Version:

Best Practices

The following sections discuss practices that can impact your data integrity, performance, and cost.

Chunking

Proper chunking is essential for effective vector search because it balances semantic coherence with search granularity. Chunks that are too small lose context, while chunks that are too large dilute relevance signals.

A chunk size of 200-500 tokens works well for most use cases.
An overlap of 10-20% (50-100 tokens) provides good context between adjacent chunks.
Use a token-based strategy for general purpose content and the markdown strategy for structured documents.

Performance

Optimizing performance ensures efficient resource utilization and faster embedding generation. These settings help minimize API costs while maintaining responsive processing speeds.

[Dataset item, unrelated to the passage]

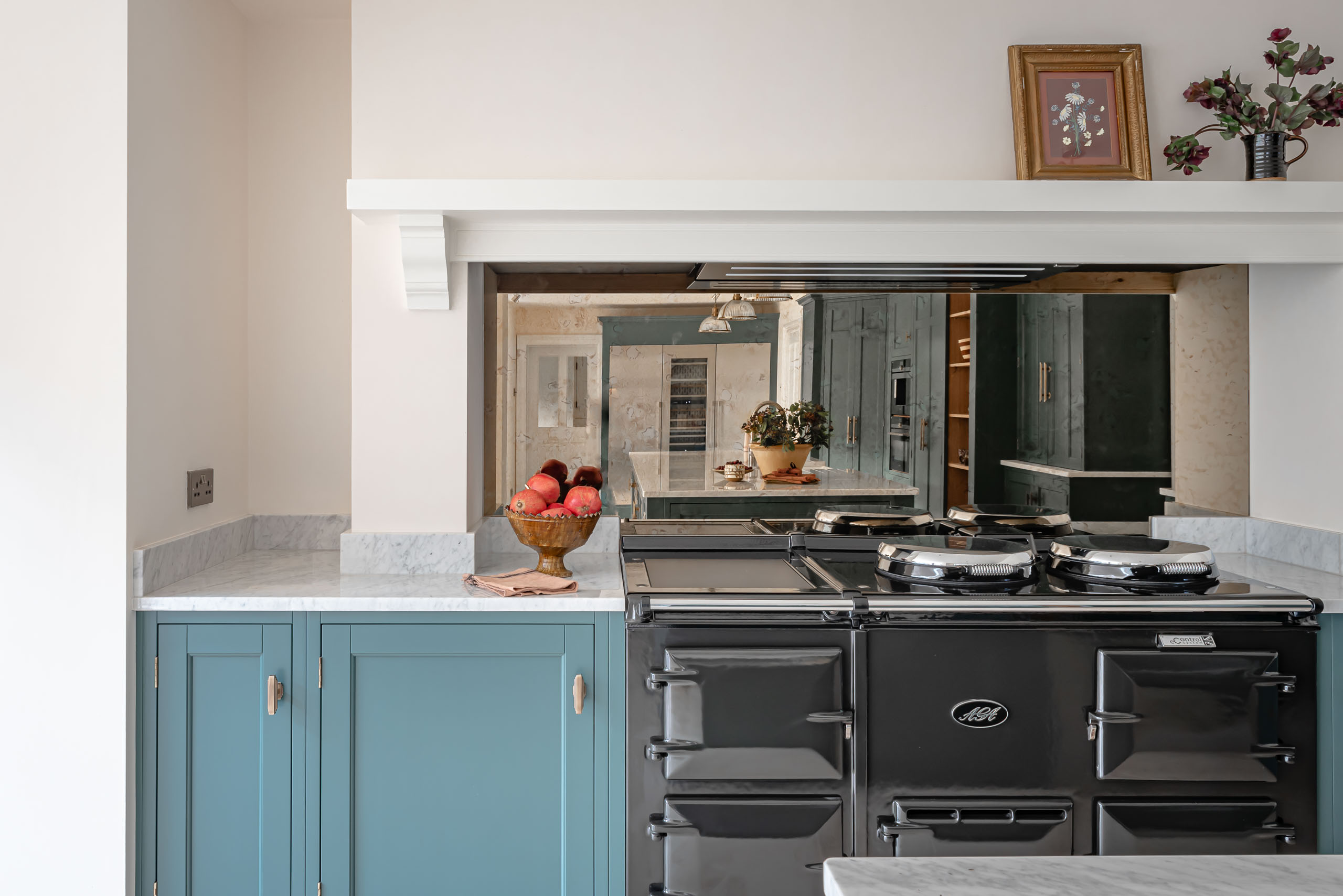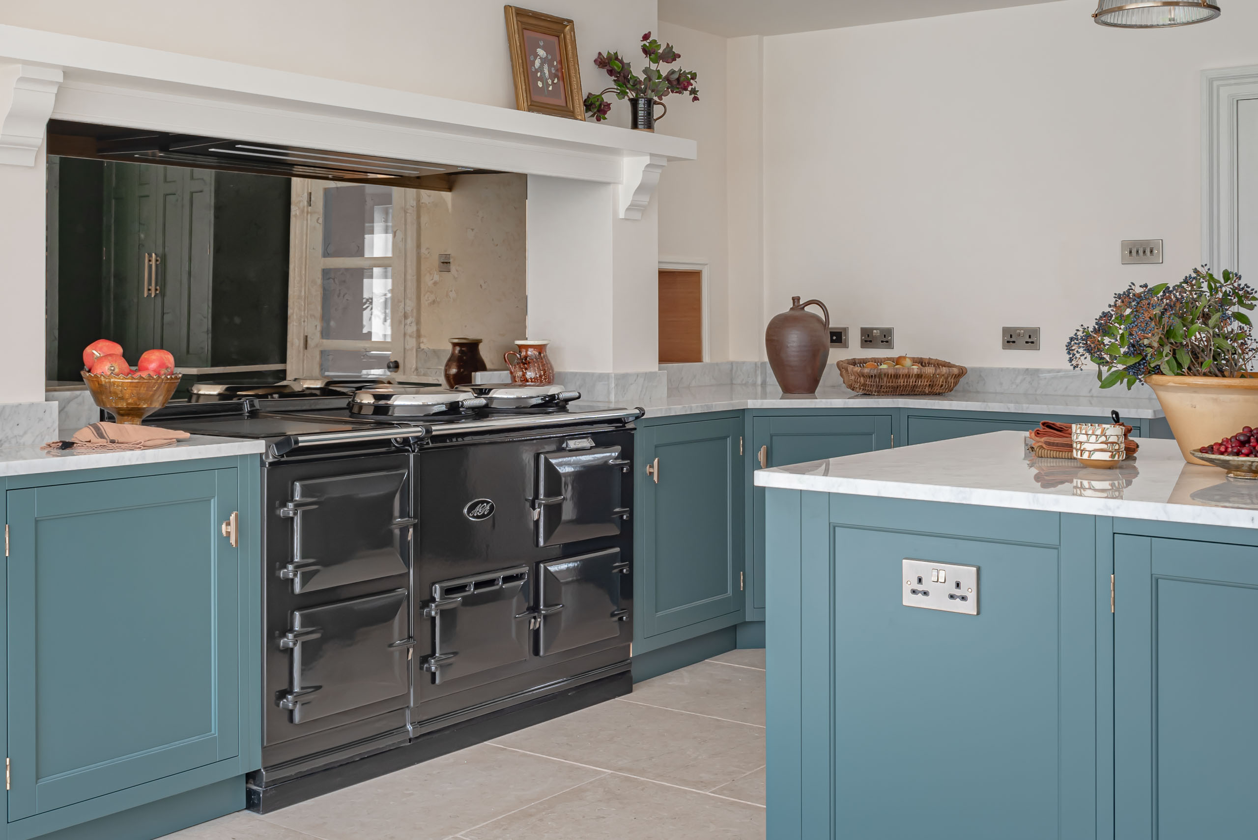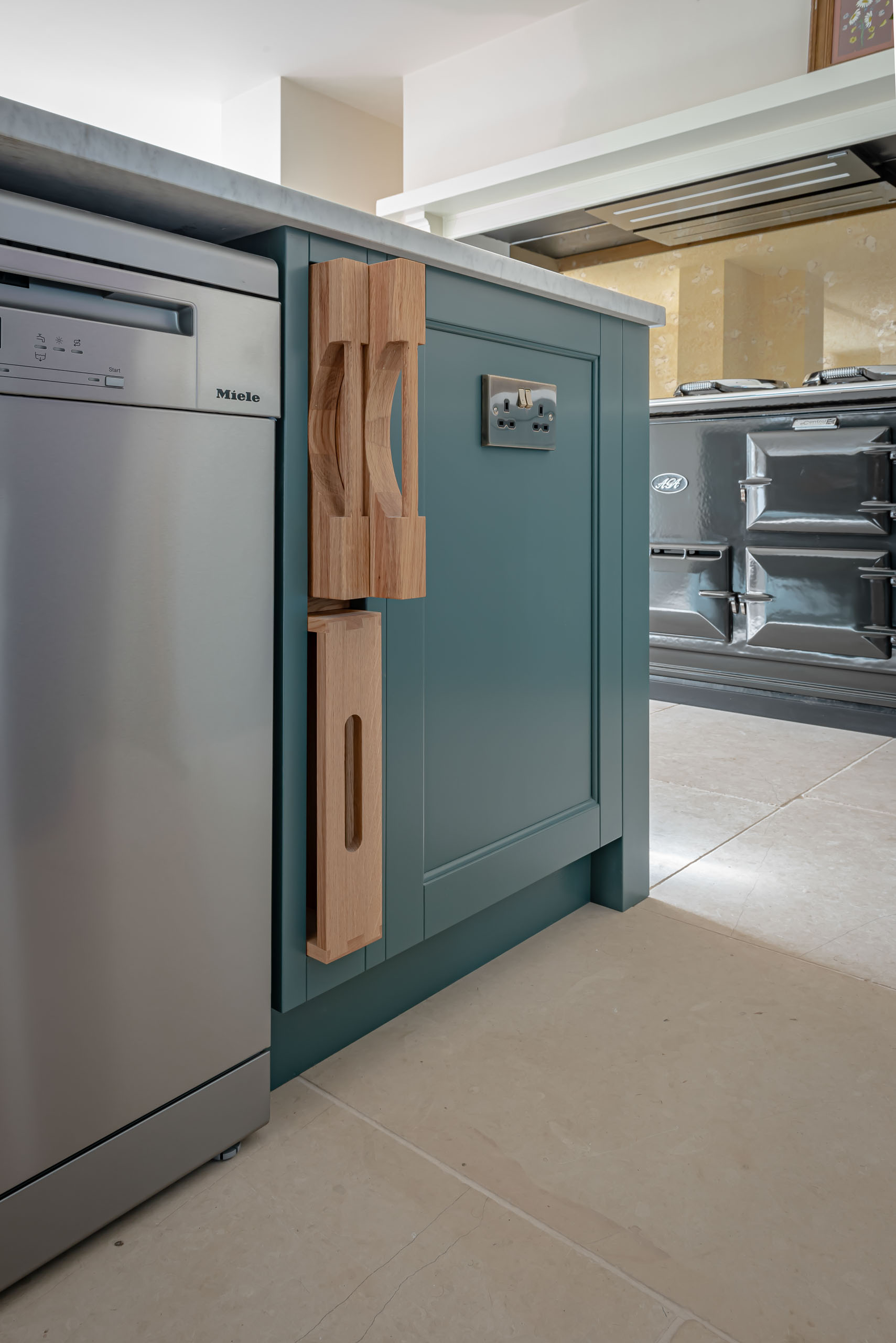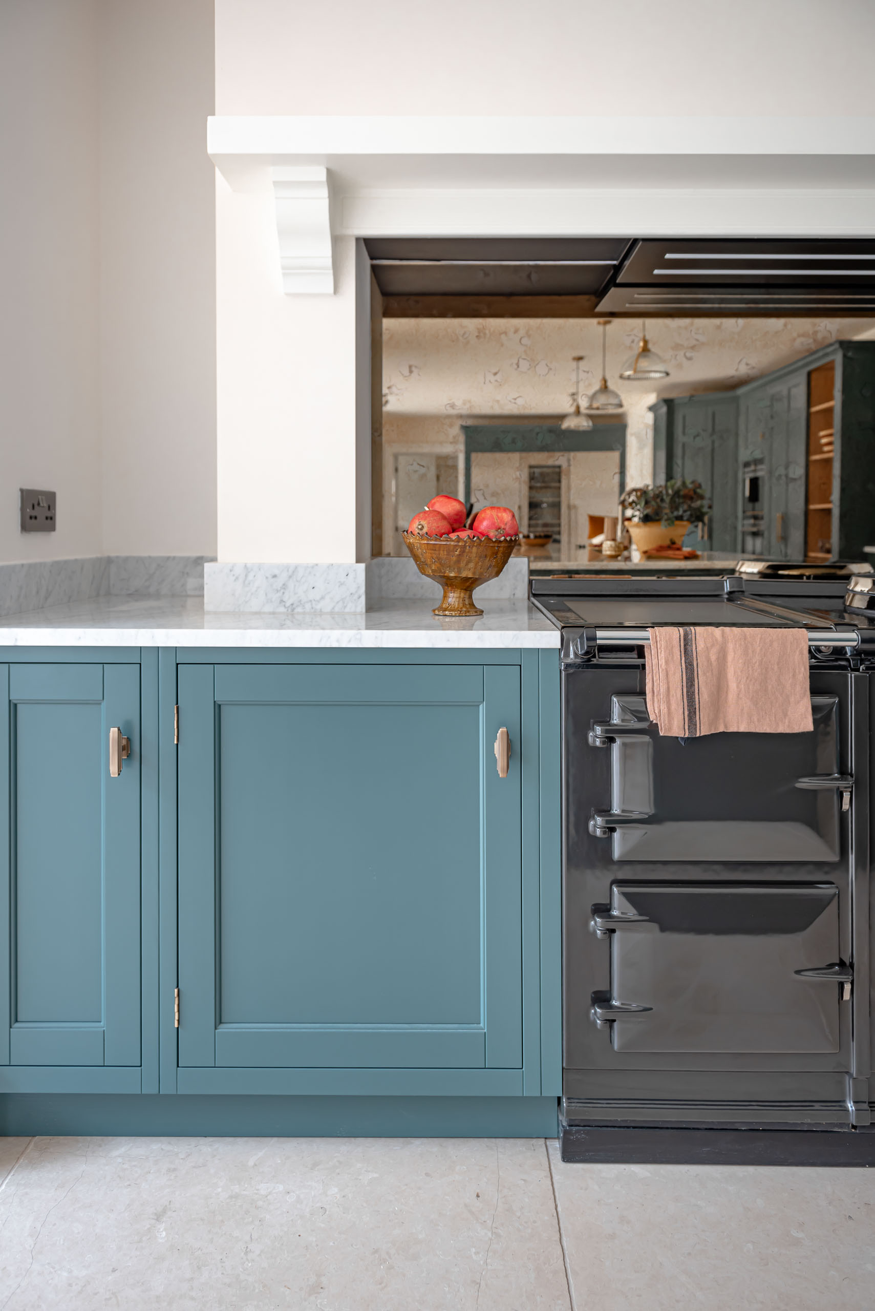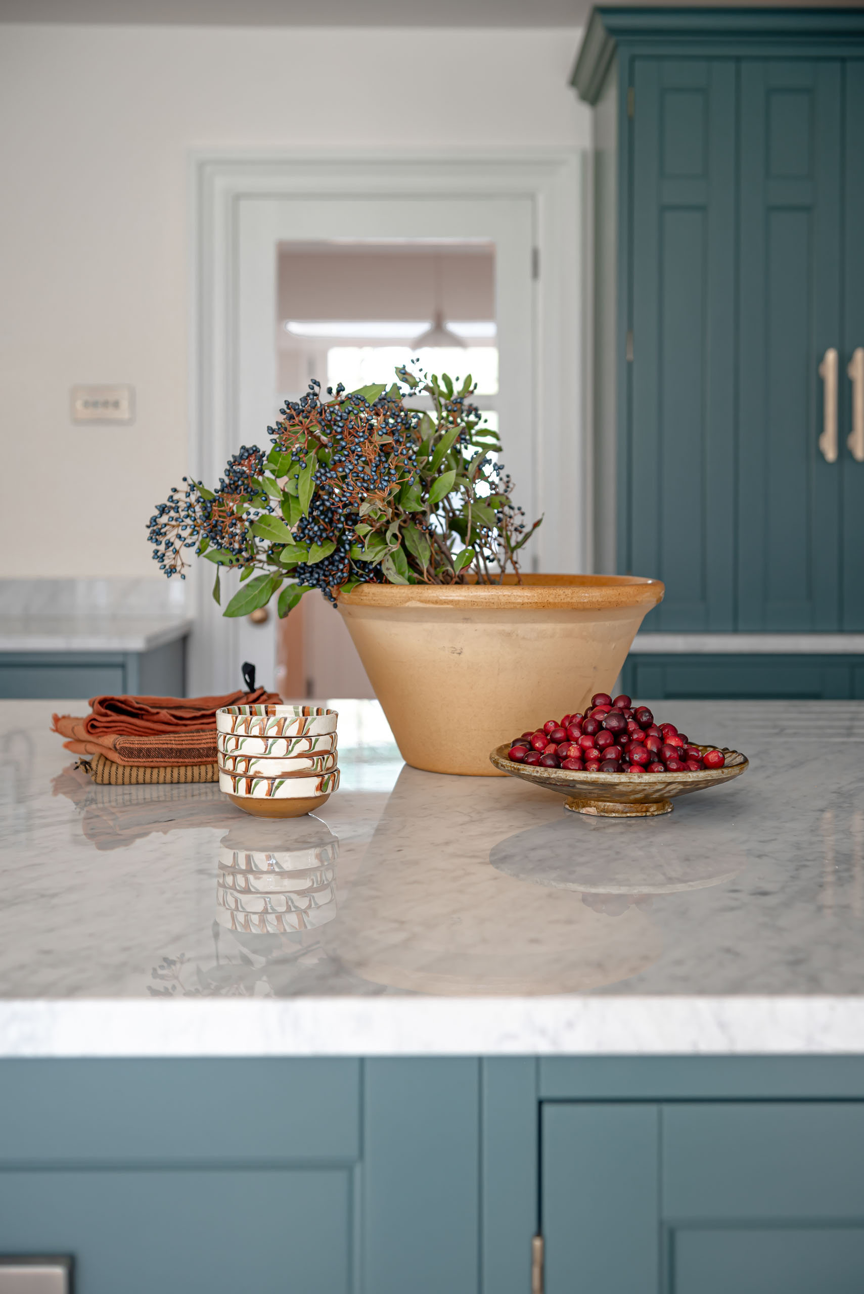 Step into an updated kitchen from our Period English Collection, hand-painted in Farrow & Ball Oval Room Blue. The central island takes centre stage, perfect for meal prep and gatherings. Additional features include a tall corner walk-in larder, a spacious 4-door pantry cupboard, and various bespoke fitted drawers. The inclusion of a dog corner adds a charming touch. This redesigned space effortlessly combines traditional charm with modern functionality. Quality appliances, like the Quooker Flex, and Fitzrovia brushed brass hardware enhance both function and style, resulting in a practical yet refined kitchen.

Larger batches of 10-50 items are more efficient for API calls.
Match the worker count to your API rate limits to avoid throttling.
Regularly clear completed items from the queue to keep it small and responsive.

API Usage

Managing API usage carefully prevents service interruptions and controls costs. Following these practices helps maintain reliable operation and protects sensitive credentials.

Be aware of your provider's rate limits to avoid service interruptions.
Monitor your API usage closely, especially when working with large datasets.
Keep API keys secure by using proper file permissions (0600) on key files.

Data Management

Effective data management ensures clean operations and provides flexibility when updating embeddings. These practices help maintain data integrity and optimize storage usage.

The system automatically skips NULL, empty, and whitespace-only content.
Use the reprocess_chunks() function to queue existing chunks that are missing embeddings.
Use the recreate_chunks() function for a complete chunk regeneration, which deletes all existing chunks first.
Each column gets independent chunk tables and triggers, so you can disable them selectively as needed.